Monday 24 June 2013

of mice and men or hoodoo economics

Though it is hard to say how well the experiment's participants were shielded from the fact that they were subject to research, since knowing that one is taking part in a psychological or behavioural study makes people act in strange ways, trying to prove their cleverness or uniqueness—the observer-expectancy effect, sort of like a clinical Stockholm Syndrome, the Frankfurter Rundschau (via the English daily the local) features the work of a sociological battery of test conducted in Bamberg, raising the stakes, to illustrate how a competitive environment can quickly undermine our convictions and values.
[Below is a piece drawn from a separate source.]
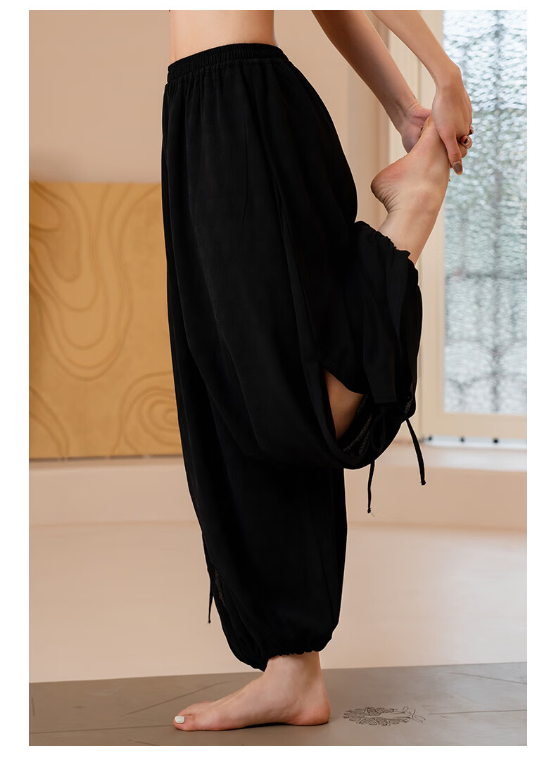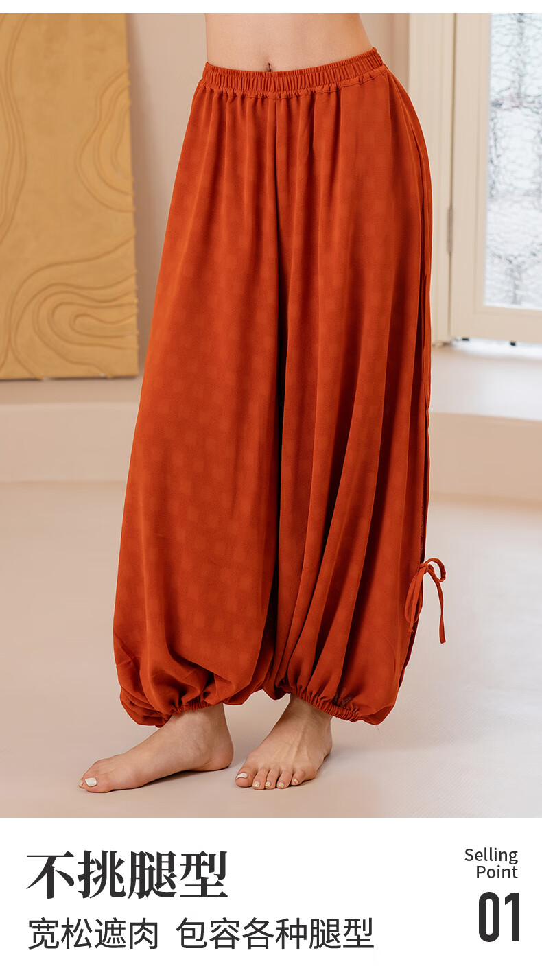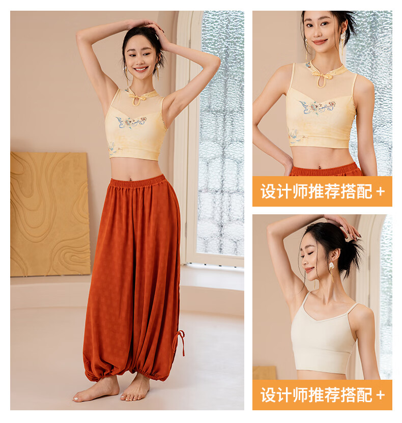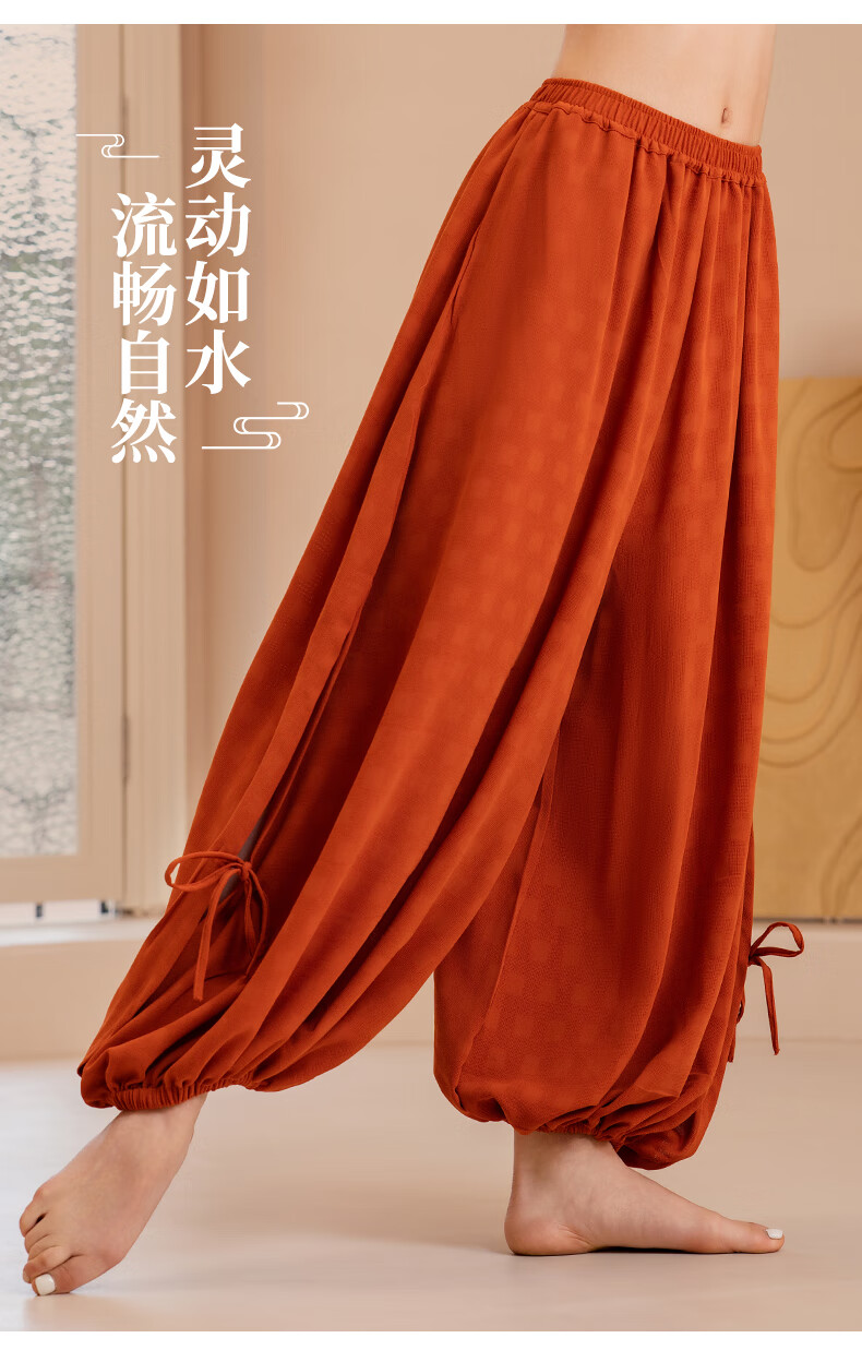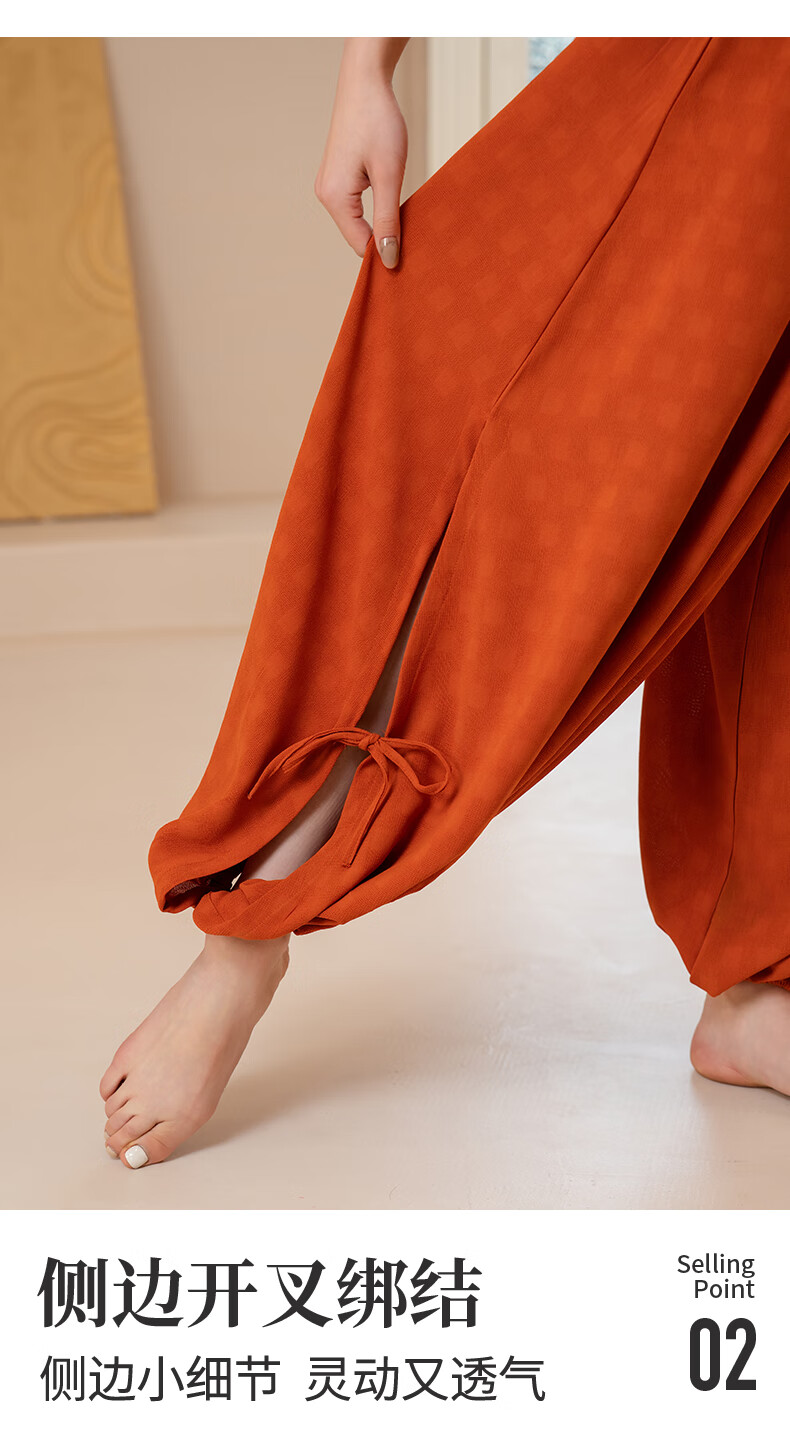 Meesu Yoga Pants Women's Loose Bloomers Chinese Style Pilates Dance Fitness Sports Pants New Chinese Style Wide Leg Pants Bright Yellow S

It's really horrible to contemplate that human participants were willing to speculate and bargain, a race to the bottom, with the certain death of lab rats (though I am sure no animals were harmed in the name of that particular study and maybe as the opportunists were thinking too), but selling out one's morals, rather than being abetted by an embarrassment of choices and conscientious alternatives, goes unaided and even further compromised by the prospect of a bargain, since even with an extreme example (reductio ad Hitlerum, seriously) we are failing to recognise that our consumer decisions are easily overturned and the consequences of those choices become marginalised, buying known or strongly suspected goods produced under objectionable conditions or taking the more expedient route when we ought to know better. What do you think? The unbraided market and government policies are strong influences but not moral imperatives. Is the chance to make a deal indicative of sellers' remorse and moral bankruptcy?